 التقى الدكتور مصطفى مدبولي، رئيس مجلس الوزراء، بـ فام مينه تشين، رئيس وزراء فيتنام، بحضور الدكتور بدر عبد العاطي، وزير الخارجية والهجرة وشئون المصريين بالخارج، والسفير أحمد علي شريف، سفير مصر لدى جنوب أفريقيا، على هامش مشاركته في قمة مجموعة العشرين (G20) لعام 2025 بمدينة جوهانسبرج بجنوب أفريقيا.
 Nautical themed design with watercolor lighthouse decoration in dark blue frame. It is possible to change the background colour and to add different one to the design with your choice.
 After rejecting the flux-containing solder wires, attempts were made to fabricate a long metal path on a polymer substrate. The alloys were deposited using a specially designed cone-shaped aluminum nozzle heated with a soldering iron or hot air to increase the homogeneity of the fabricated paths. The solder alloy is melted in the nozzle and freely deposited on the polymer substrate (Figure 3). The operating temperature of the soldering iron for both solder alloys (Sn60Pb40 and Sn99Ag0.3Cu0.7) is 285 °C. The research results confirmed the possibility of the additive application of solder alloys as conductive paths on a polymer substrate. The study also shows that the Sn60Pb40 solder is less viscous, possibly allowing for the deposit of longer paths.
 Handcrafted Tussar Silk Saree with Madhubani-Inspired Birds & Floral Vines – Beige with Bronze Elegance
---
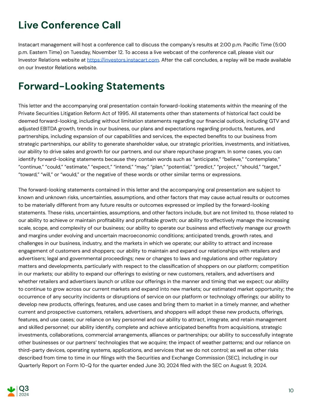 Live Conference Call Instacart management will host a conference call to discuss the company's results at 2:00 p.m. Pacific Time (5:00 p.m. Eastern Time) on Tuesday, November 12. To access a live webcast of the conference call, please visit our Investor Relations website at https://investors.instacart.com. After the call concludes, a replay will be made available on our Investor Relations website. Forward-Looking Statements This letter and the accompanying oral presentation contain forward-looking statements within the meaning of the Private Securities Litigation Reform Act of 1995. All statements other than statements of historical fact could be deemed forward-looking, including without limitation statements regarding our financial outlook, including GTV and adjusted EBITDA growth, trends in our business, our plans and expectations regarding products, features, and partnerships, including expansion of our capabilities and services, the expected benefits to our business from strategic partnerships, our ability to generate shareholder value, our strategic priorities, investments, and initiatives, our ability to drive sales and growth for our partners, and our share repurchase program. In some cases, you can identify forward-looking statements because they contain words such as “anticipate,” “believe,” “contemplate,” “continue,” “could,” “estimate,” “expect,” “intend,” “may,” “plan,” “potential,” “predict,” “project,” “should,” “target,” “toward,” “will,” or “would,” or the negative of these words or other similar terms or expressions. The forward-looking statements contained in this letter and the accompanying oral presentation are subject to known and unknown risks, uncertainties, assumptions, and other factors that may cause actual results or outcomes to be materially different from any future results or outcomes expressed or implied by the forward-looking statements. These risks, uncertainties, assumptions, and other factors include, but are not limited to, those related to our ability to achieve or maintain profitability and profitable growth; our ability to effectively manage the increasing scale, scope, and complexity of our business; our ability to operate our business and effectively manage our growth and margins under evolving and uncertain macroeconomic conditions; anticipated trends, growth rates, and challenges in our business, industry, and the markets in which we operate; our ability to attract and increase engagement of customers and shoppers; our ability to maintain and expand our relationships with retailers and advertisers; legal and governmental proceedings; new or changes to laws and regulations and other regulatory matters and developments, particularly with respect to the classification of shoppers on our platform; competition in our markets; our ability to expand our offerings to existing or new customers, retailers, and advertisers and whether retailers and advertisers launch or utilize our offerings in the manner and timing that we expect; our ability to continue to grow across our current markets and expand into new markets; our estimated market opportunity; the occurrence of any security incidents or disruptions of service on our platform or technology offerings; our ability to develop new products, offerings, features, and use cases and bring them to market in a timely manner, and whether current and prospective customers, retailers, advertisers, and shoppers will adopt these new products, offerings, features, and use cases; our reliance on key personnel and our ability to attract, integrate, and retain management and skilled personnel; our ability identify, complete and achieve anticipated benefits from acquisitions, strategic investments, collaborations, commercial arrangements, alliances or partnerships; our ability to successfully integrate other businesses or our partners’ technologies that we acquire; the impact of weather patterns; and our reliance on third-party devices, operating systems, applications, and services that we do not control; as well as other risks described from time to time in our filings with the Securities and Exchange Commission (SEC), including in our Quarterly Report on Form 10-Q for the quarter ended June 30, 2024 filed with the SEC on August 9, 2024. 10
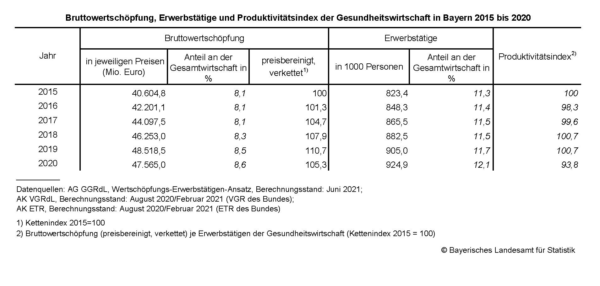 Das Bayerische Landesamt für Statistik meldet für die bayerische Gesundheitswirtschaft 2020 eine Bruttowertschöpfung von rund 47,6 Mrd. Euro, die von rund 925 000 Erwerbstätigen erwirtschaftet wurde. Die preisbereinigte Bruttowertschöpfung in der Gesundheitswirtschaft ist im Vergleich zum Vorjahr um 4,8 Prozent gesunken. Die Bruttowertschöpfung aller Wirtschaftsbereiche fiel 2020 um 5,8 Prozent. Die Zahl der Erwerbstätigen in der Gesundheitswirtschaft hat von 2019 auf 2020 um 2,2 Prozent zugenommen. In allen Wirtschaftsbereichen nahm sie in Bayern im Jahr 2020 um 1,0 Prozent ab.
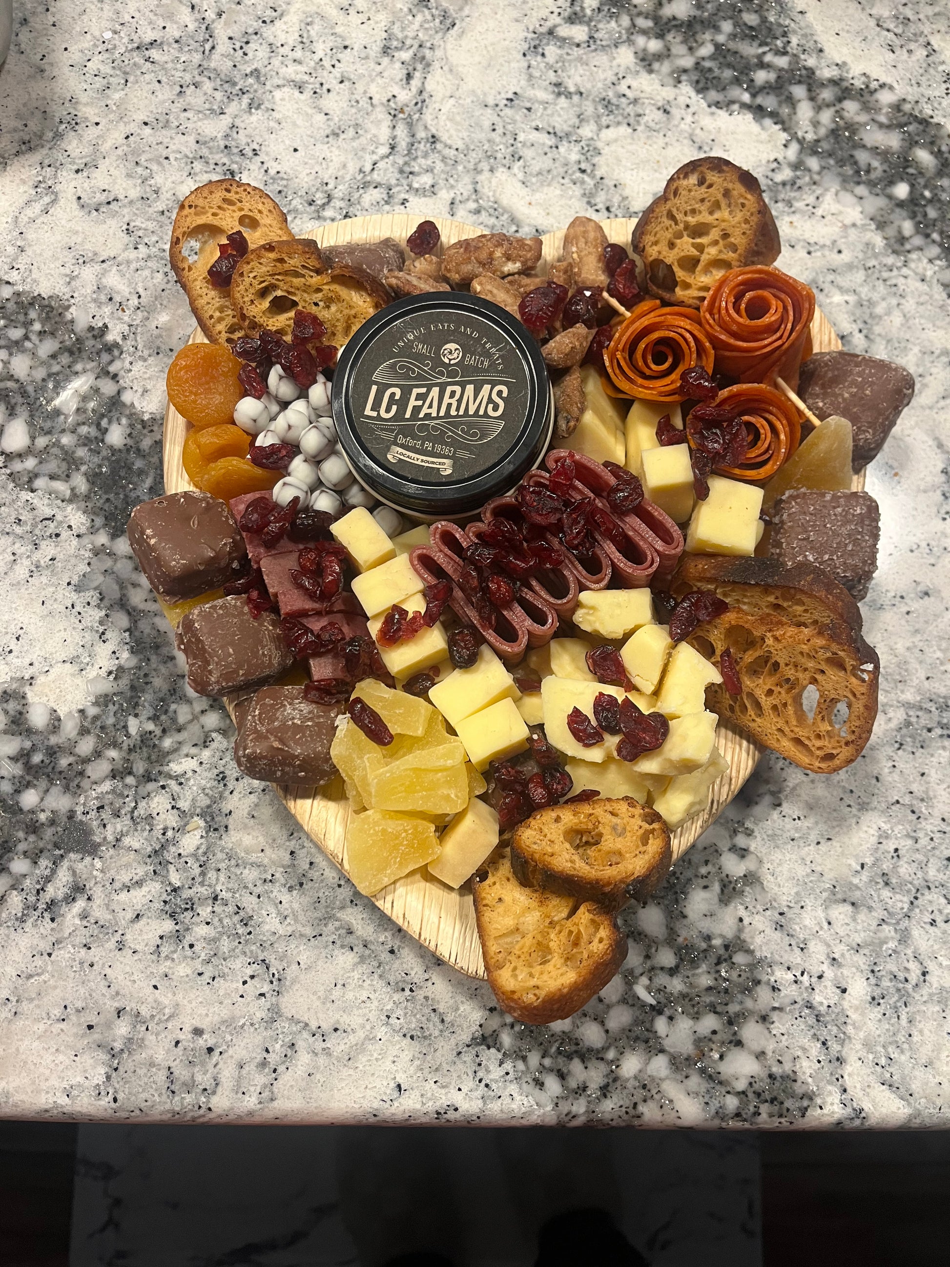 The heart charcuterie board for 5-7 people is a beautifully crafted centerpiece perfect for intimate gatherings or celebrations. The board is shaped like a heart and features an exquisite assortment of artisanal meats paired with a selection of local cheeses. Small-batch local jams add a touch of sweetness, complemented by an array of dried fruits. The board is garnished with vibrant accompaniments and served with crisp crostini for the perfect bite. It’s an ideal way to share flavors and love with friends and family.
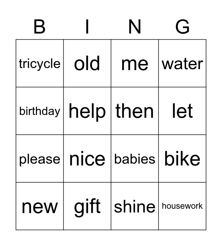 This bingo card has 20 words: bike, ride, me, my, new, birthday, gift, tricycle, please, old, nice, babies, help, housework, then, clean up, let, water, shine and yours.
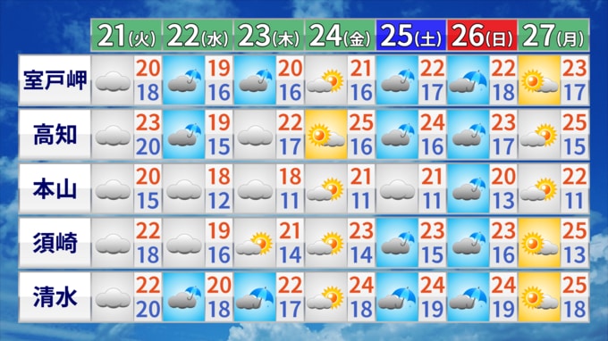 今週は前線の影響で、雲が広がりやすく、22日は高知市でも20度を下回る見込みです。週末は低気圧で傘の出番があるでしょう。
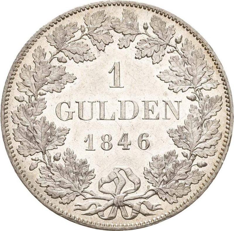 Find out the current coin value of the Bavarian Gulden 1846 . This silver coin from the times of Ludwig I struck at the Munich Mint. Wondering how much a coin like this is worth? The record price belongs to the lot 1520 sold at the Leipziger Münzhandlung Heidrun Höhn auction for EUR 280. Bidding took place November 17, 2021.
---
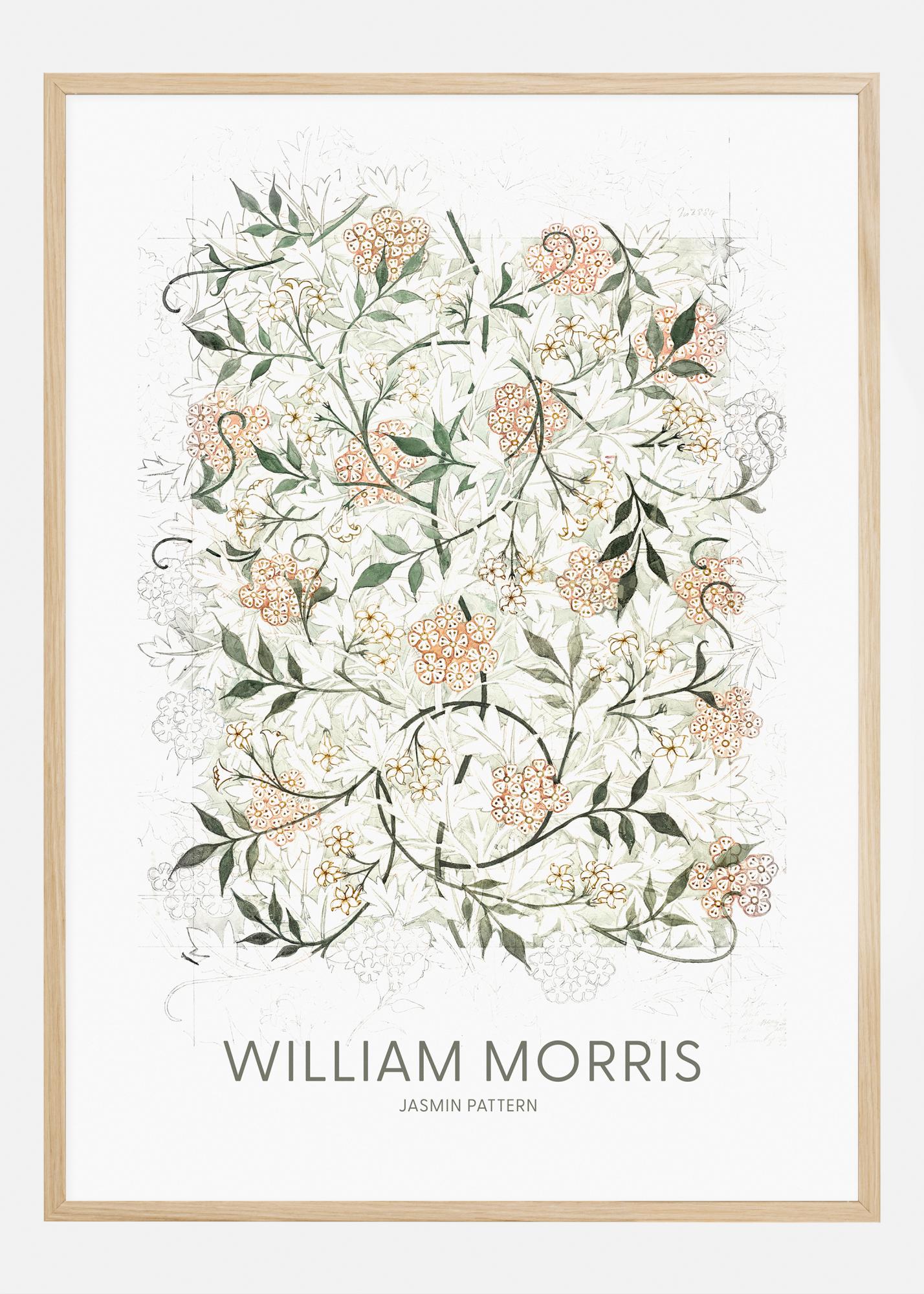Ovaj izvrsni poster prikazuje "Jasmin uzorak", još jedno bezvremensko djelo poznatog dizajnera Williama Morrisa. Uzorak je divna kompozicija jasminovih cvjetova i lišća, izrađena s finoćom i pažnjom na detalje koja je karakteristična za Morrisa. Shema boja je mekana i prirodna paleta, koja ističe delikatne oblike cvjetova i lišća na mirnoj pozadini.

- _Exercise_
As listed above, the lines from the line with "التقى الدكتور مصطفى" to the line with "Nautical themed design" are to be echoed exactly, with both ends included and nothing added.

- _Solution to this task_
 التقى الدكتور مصطفى مدبولي، رئيس مجلس الوزراء، بـ فام مينه تشين، رئيس وزراء فيتنام، بحضور الدكتور بدر عبد العاطي، وزير الخارجية والهجرة وشئون المصريين بالخارج، والسفير أحمد علي شريف، سفير مصر لدى جنوب أفريقيا، على هامش مشاركته في قمة مجموعة العشرين (G20) لعام 2025 بمدينة جوهانسبرج بجنوب أفريقيا.
 Nautical themed design with watercolor lighthouse decoration in dark blue frame. It is possible to change the background colour and to add different one to the design with your choice.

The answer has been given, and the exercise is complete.